There is increasing evidence that discrimination itself has a negative impact on health outcomes—youth trauma and discrimination results in poorer health later in life and earlier death. Nancy Kreiger, the Harvard epidemiologist, has shown a direct link between racial discrimination and elevated blood pressure and increased risk of cardiovascular events.

So where were we with regard to health inequities by race and ethnicity before the Affordable Care Act?
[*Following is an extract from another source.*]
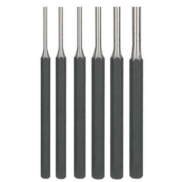 Drive Pin Punch Set, Set Type Punch Set, Types Included Length Pin Punch, Number of Pieces 6, Blade Tip Shape Straight, Blade Width 1/8 in, 5/32 in, 3/16 in, 7/32 in, 1/4 in, 5/16 in, Includes Handle No, Chisel Type Length Pin Punch, Includes Handguard No, Material Applications For Softer Metal & Wood, Includes 1/4 x 6 in, 1/8 x 6 in, 3/16 x 6 in, 5/16 x 6 in, 5/32 x 6 in, 7/32 x 6 in, Tip Size 1/8 in, 5/32 in, 3/16 in, 7/32 in, 1/4 in, 5/16 in, Material Steel, Measurement Type SAE

  • We know that about 46 million Americans had no health insurance and that the risk of being uninsured for Latinos was 36%, for African Americans it was 22%, and for whites it was 13%. We know that people of color without health insurance use the emergency room more frequently for less urgent issues than do whites, but we also know that they live in communities where their local hospitals are more likely to be closed.
  • Uninsured adults are at least twice as likely to go without a physician visit as whites and are more likely to be hospitalized for preventable conditions.
  • African American children had hospitalization rates for asthma four¬ times higher than white children.
  • We know that infant mortality rates for Black college educated women was three times higher than for white women.
  • Breast cancer incidence rates in 2008 were 1.4 times higher for white women than Black women, yet Black women had a 41% greater risk of dying from breast cancer.
  • Quality measures for care for non-white populations were not getting better—at least half of core quality measures in this country were worse or the same.

Finally, I’d like to talk for a moment about the health care workforce, quality, and public health before the ACA. There were major efforts in the 70s, notably the federally qualified health centers and the National Health Service Corps that made significant contributions toward increasing the numbers of health professionals and facilities in medically underserved areas, but:

  • Racial and ethnic minority groups were woefully under-represented in the workforce
  • Racial and ethnic minority health workers are more likely to live in neighborhoods lacking health resources
  • Very little data was being collected on patterns of use of health systems/quality/outcomes/and disparities
  • Investments in population health and public health were extremely low—investments we knew were key to uncovering and addressing health equity

The ACA addressed some of the issues I’ve laid out, but what I hope you leave here understanding is that to address health inequity, addressing health insurance access is just a beginning—an important one—but just a beginning.

We must develop a workforce that reflects the population they are serving, invest in population health not just individual health, invest in addressing the structural policies and practices that underpin inequities, gain the trust and collaboration of communities most affected by disproportionate and unequal practices, collect data that shows progress and gaps, and develop programs and service in response to what the data tells us. We must disproportionately invest in our most under-resourced communities, break out of our siloes, and figure out how to create new solutions to persistent problems.

The challenges ahead are great, but as King himself said, the arc of the moral universe is long, but it bends toward justice. We can only bend this arc if we commit to doing it together.